If we want to expand any of our initiatives in PNG into additional areas under exploration, these operations would need to convert their existing exploration licences prior to the start of mining. That process could require landowner title approval, and there can be no assurance that approval would be received.  
  Environmental regulations     As a gold mining company, Harmony is subject to extensive environmental regulation. We expect the trend of rising production costs due to compliance with South African and PNG environmental laws and regulations to continue.  
  Sustainable community development     Companies in general are under pressure to demonstrate that while they seek a satisfactory return on investment for shareholders, other stakeholders including employees, communities surrounding operations and the countries in which they operate, also benefit from their commercial activities.  

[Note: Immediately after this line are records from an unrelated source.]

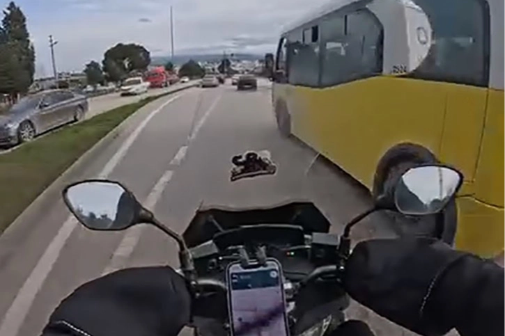 Olay, Bursa’nın Nilüfer ilçesine bağlı Üçevler Mahallesi Nilüfer Caddesi üzerinde meydana geldi. Kendi şeridinde ilerleyen motosiklet sürücüsünün önüne bir anda otobüs kırdı. Ani refleksle sol şeride geçerek kazadan son anda kurtulan motosikletli, otobüs şoförüne tepki gösterdi.
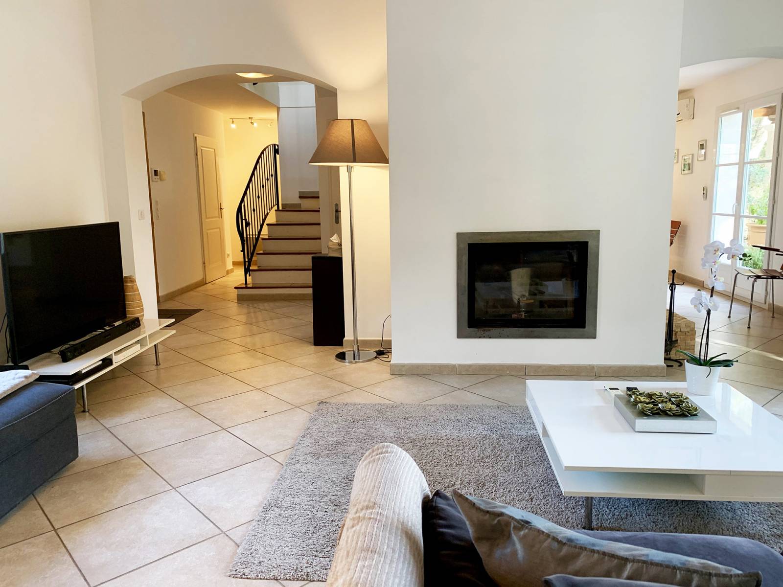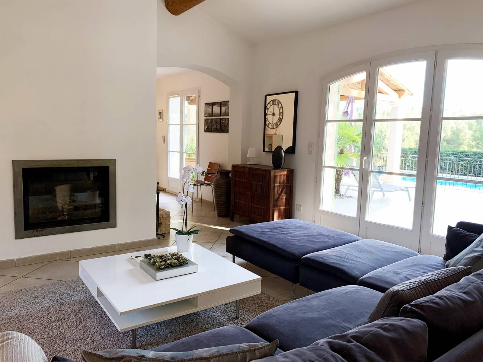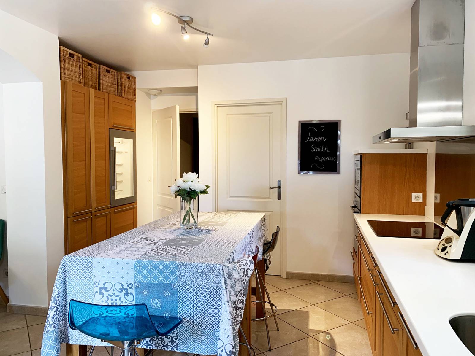 De la cuisine votre regard sera attiré par le bleu turquoise de la piscine et la ligne d’horizon, sur un grand jardin plat joliment paysagé par un mélange d’essences Provençales, adaptées au climat Méditerranéen.
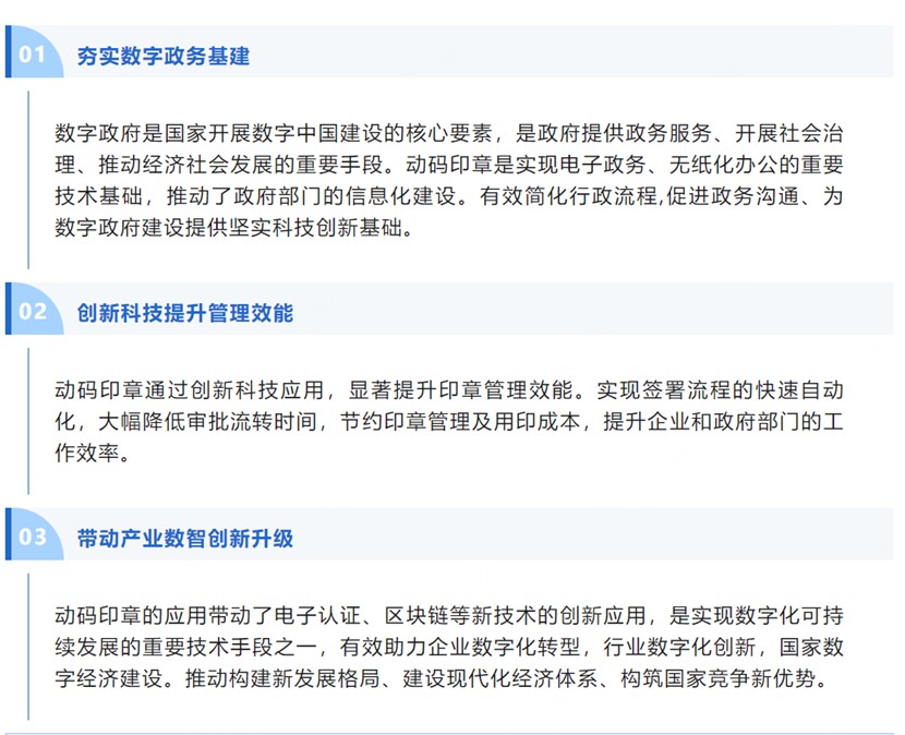 數字化與智能化融合發展的數智化時代已然到來,也將重塑產業生態,形成新質生產力,推動經濟高質量發展。隨著黨的二十大以來,我國全力推進社會主義現代化強國建設,社會經濟活動日益活躍,法治政府、誠信政府的建設步伐也在加快。加快構建高水平社會主義市場經濟體制,極大促進了生產力發展,為中國經濟高質量發展注入充沛動能。在這樣的背景下,建立完善的電子印章管理使用體系,使印章更好地為法治經濟建設保駕護航,顯得勢在必行。
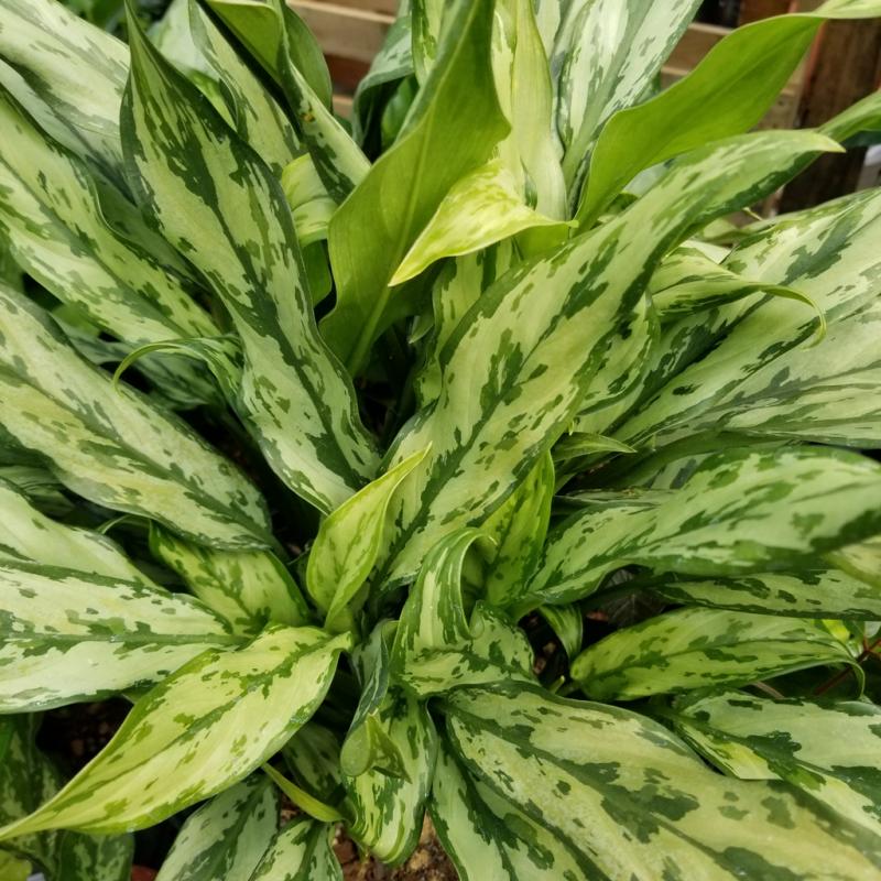 This plant's glossy lance-shaped leaves will have an interesting splatter of lighter green splotches against dark green edges. It will do best in low light with evenly moist soil and temperatures in the range of 60-70 degrees.
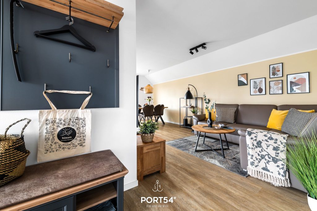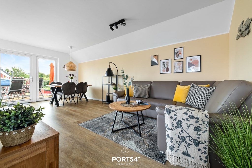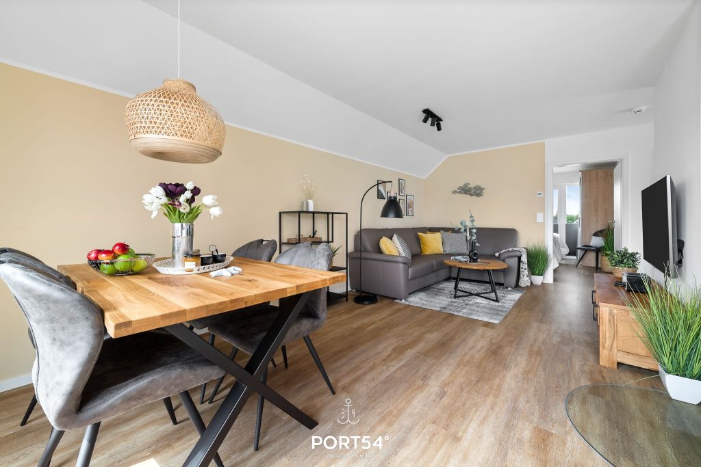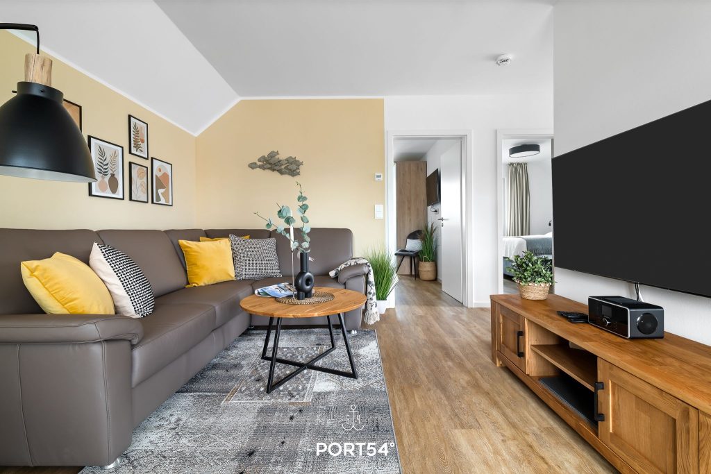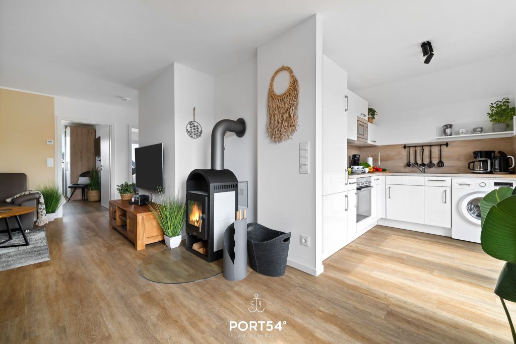 Schon beim Betreten überzeugt die Ferienwohnung mit ihrem offenen, lichtdurchfluteten Wohnkonzept. Die helle und freundliche Gestaltung schafft sofort eine entspannte Urlaubsatmosphäre, in der du dich vom ersten Moment an willkommen fühlst. Der moderne Wohnbereich lädt mit einem bequemen Ecksofa ein. Ein Smart-TV mit Magenta-TV, ein DAB-Radio, eine kleine Auswahl an Büchern sowie einige Gesellschaftsspiele sorgen für gemütliche und unterhaltsame Stunden.

  Climate change regulations and physical risks     A number of international and national measures are being developed to address or limit GHG emissions. As our current mines have a life expectancy of over 20 years, future climate change regulation will therefore need to be considered for all Harmony’s extensions and acquisitions. All new greenfields and brownfields projects are required to consider the impact of climate change in their design and planning.

Our operations could face a number of physical risks from climate change, such as increased rainfall, reduced water availability, higher temperatures and extreme weather events. Events such as flooding or inadequate water supplies could disrupt our operations and rehabilitation efforts, and could increase health and safety risks.  
  Water use licences in South Africa     The majority of our South African operations are lawful users with existing water permits in terms of the Water Act of 1954. These operations have applied for water use licences in terms of the National Water Act, 1998, some as early as 2003. Harmony is working closely with regional directors in the review process and a number of our operations have been issued with integrated water use licences or draft licences.  
  Rehabilitate potential groundwater pollution     Due to the interconnected nature of mining operations, any proposed solution for potential flooding and decant risk posed by deep groundwater needs to be a combined one supported by all mines in the goldfields and government in the event of legacy issues. The Department of Mineral Resources and affected mining companies are involved in developing a regional mine closure strategy.  
  United States investors     Investors in the United States may have difficulty bringing actions and enforcing judgments against Harmony, which is incorporated in South Africa.  
  Compliance with corporate governance and public disclosure requirements     Harmony is committed to maintaining high standards of corporate governance and public disclosure, and its efforts to comply with evolving laws, regulations and standards will continue to increase general and administrative expenses.  
  Market price of shares     The market price of our shares could fall if large quantities are sold in the public market, or if there is a perception in the marketplace that such sales could occur.  
  Share dilution     Harmony has employee share option schemes as well as other share schemes. The Harmony board has authorised up to 14% of the issued share capital to be used for these plans. As a result, shareholders’ equity interests in Harmony are subject to dilution to the extent of the future exercises of options through share schemes.  
  Continued dividends     While Harmony intends to declare and pay cash dividends, it is the company’s intention to only do so if profits and funds are available for that purpose.